** Task item **
What are the lines, copied exactly, from the one containing "- Linh xa Đại" through the final line of the material? Leave the pictures out.

** Information provided **
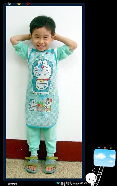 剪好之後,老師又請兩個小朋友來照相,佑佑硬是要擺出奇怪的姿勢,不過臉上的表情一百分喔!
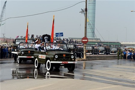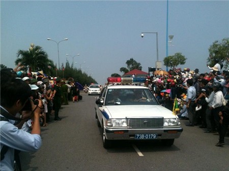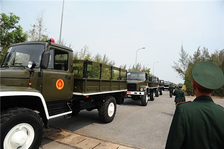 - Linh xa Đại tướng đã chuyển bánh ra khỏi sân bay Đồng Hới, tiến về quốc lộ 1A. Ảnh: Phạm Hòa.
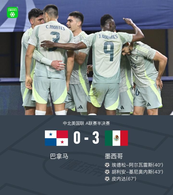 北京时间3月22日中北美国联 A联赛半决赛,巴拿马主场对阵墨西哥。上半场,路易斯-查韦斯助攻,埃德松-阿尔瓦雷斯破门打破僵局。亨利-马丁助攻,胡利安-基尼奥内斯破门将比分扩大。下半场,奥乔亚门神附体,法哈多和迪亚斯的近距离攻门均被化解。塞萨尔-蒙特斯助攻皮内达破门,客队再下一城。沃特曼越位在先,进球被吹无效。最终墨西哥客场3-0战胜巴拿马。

** Task response **
 - Linh xa Đại tướng đã chuyển bánh ra khỏi sân bay Đồng Hới, tiến về quốc lộ 1A. Ảnh: Phạm Hòa.
 北京时间3月22日中北美国联 A联赛半决赛,巴拿马主场对阵墨西哥。上半场,路易斯-查韦斯助攻,埃德松-阿尔瓦雷斯破门打破僵局。亨利-马丁助攻,胡利安-基尼奥内斯破门将比分扩大。下半场,奥乔亚门神附体,法哈多和迪亚斯的近距离攻门均被化解。塞萨尔-蒙特斯助攻皮内达破门,客队再下一城。沃特曼越位在先,进球被吹无效。最终墨西哥客场3-0战胜巴拿马。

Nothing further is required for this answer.